In a recent study posted to the medRxiv* preprint server, researchers evaluated antibody responses to severe acute respiratory syndrome coronavirus 2 (SARS-CoV-2) variants in children.
Study: Comparison of antibody responses to SARS-CoV-2 variants in Australian children. Image Credit: maxbelchenko/Shutterstock
This news article was a review of a preliminary scientific report that had not undergone peer-review at the time of publication. Since its initial publication, the scientific report has now been peer reviewed and accepted for publication in a Scientific Journal. Links to the preliminary and peer-reviewed reports are available in the Sources section at the bottom of this article. View Sources
Background
Studies have reported that children have been less prone to infection by the SARS-CoV-2 Wuhan strain than adults. However, the emergence of mutant variants and higher vaccination rates in adults than children have resulted in an increased incidence of coronavirus disease 2019 (COVID-19) in the pediatric population.

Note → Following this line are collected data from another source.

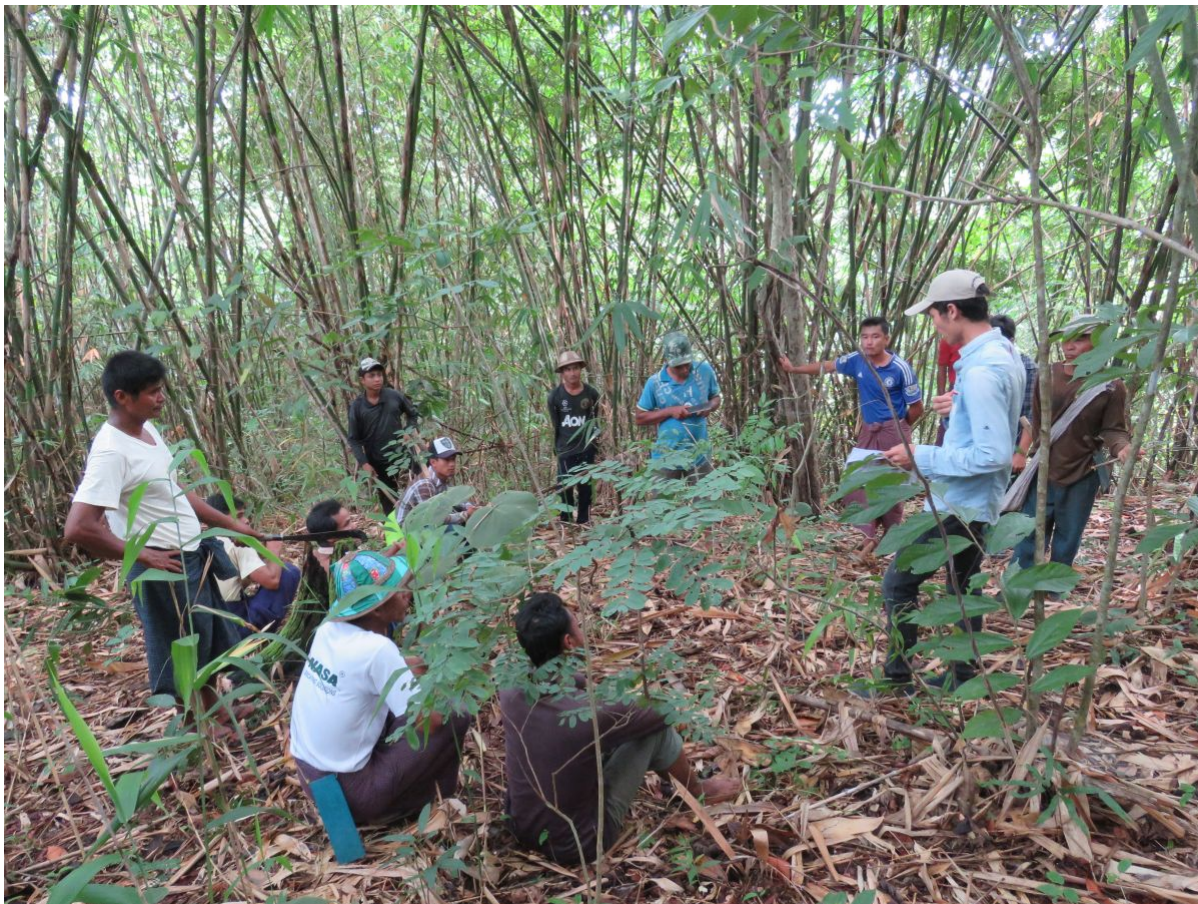
Community Forest

Dabei hat Myanmar schon jetzt die mit Abstand am stärksten verschmutzte Luft in Südostasien, Tendenz steigend. Sie gehört zu den größten Risikofaktoren für frühzeitige Sterblichkeit. Seit 2017 hat sie zu schätzungsweise über 45.000 Todesfällen landesweit beigetragen. Im Zuge der Demokratisierung seit 2011 kam es zu schnellen wirtschaftlichen Entwicklungen, gerade in urbanen Räumen. Die städtische Bevölkerung wächst exponentiell aufgrund von Landflucht, doch die Flächen sind begrenzt. Mehr als 80 Prozent der Stadtbevölkerung kocht mit Festbrennstoffen. Die Neuregistrierungen für Kraftfahrzeuge haben sich in den letzten fünf Jahren verdoppelt. Industrien rund um Städte sprießen aus dem Boden und der Bau neuer Industriezonen wird von der Regierung massiv gefördert.
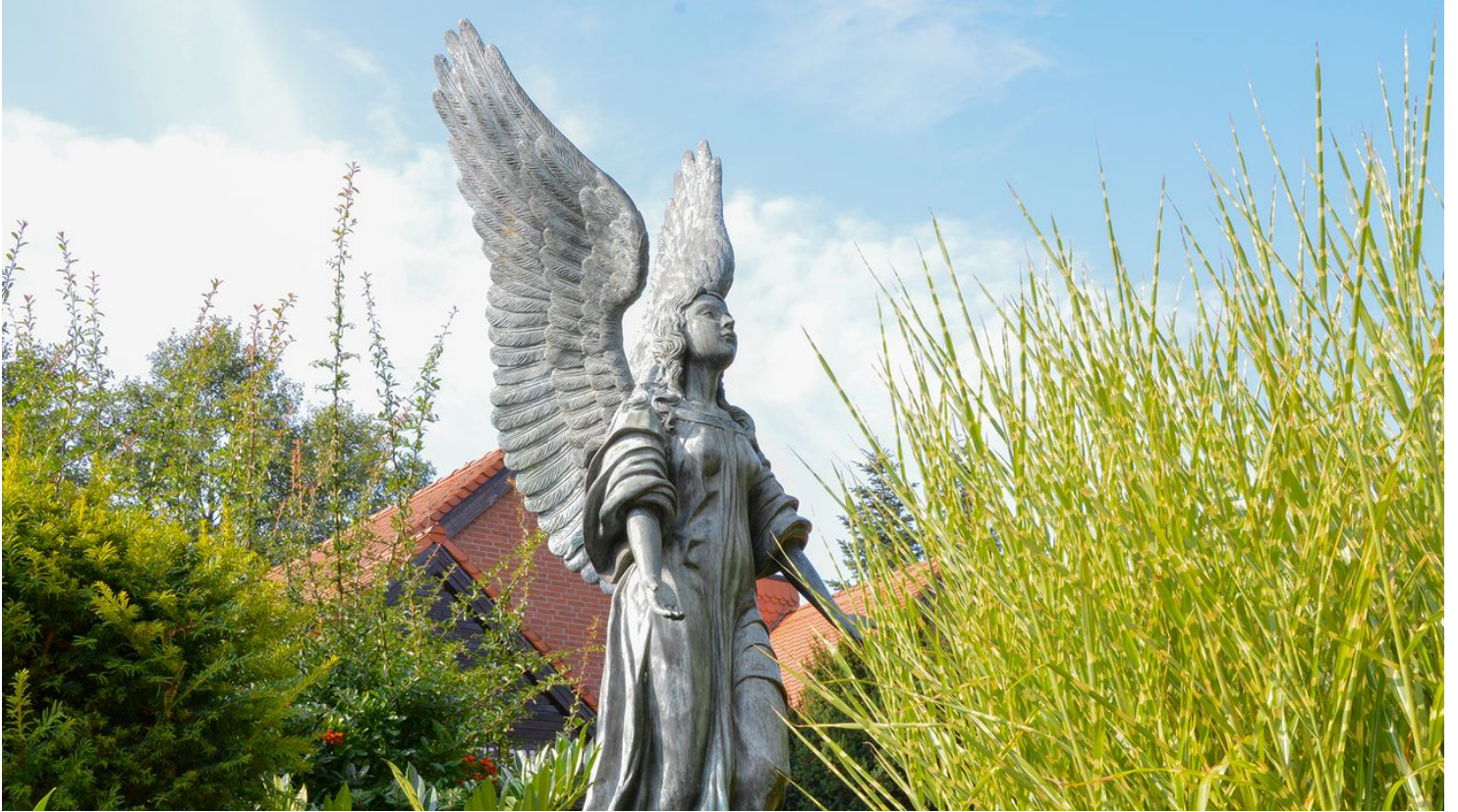
Bronzeengel2.jpg
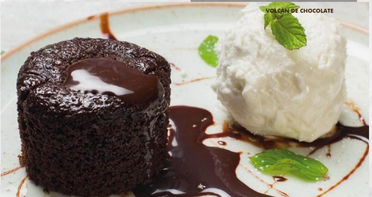
VOLCÁN DE CHOCOLATE

Australia has witnessed three waves of SARS-CoV-2 infections, driven by the ancestral strain, Delta, and Omicron variants. Estimates indicate that 40.6% of children aged 5 – 11 were double vaccinated in Australia until August 2022. SARS-CoV-2 Omicron causes less severe disease than the Delta variant in children and adults.

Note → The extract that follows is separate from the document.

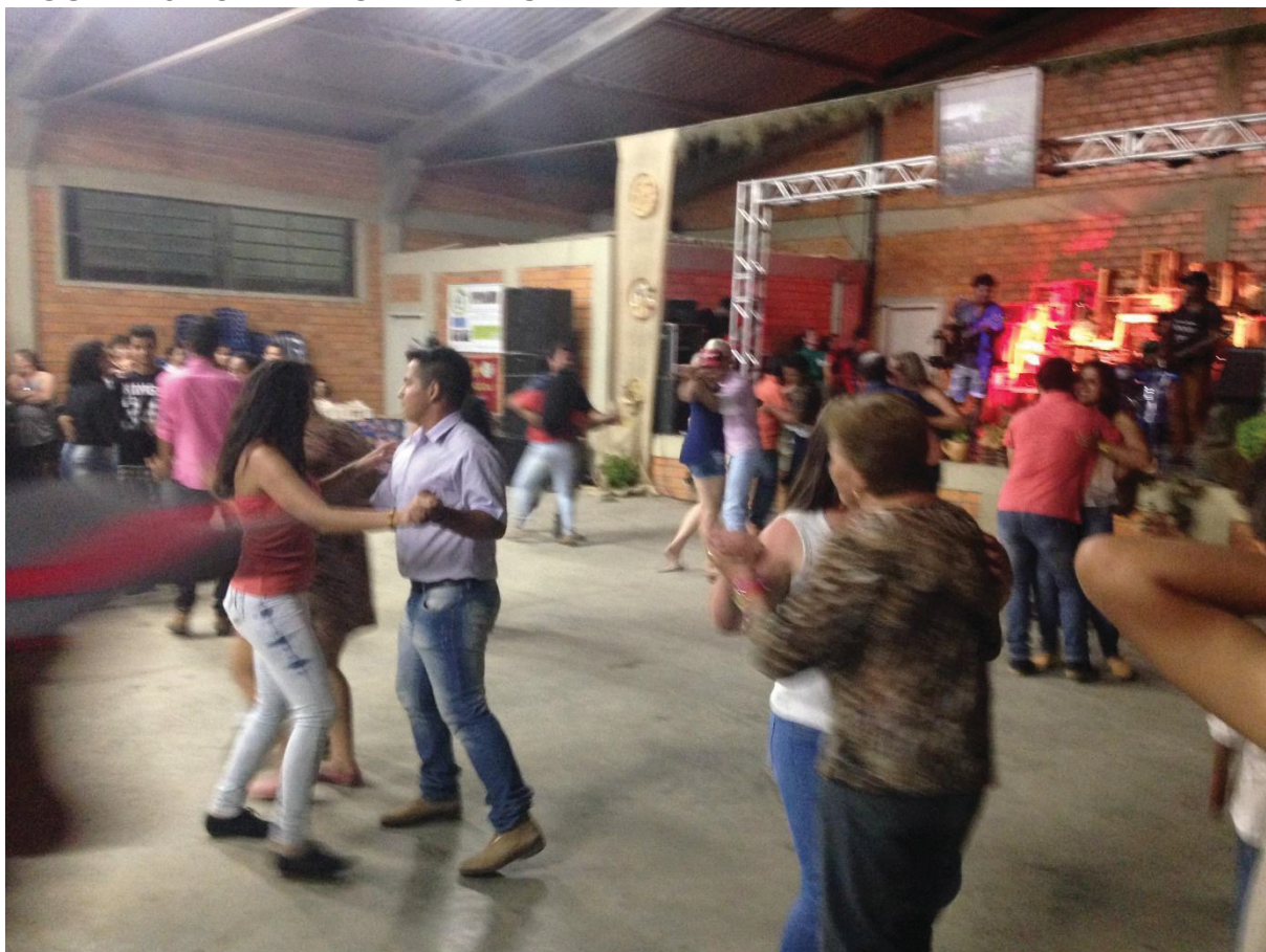
FIGURA 15 - O BAILE CAMPONÊS
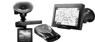
Автоэлектроника: навигаторы, видеорегистраторы, антирадары

Several reports suggest that adults mount a robust Omicron-specific humoral response, but there is a paucity of data in children. Previously, the authors reported that 37.6% of children infected with ancestral SARS-CoV-2 had seroconverted, compared to 76.2% of adults. As such, it remains to be investigated whether such a trend occurs in children after infection with Delta or Omicron variants.
The study and findings
The present study evaluated seroconversion rates and antibody responses in Australian children during the three COVID-19 waves. Suspected COVID-19 cases and their household members were tested by reverse-transcription polymerase chain reaction (RT-PCR) or rapid antigen tests (RAT). Confirmed cases and household members participated in the household cohort study.
The team collected blood samples one month after confirmed PCR or RAT diagnosis. An in-house SARS-CoV-2 S1 enzyme-linked immunosorbent assay (ELISA) and surrogate virus neutralization tests were performed to quantitate immunoglobulin G (IgG) antibodies and neutralizing antibody response against ancestral and variant-specific S1 antigens.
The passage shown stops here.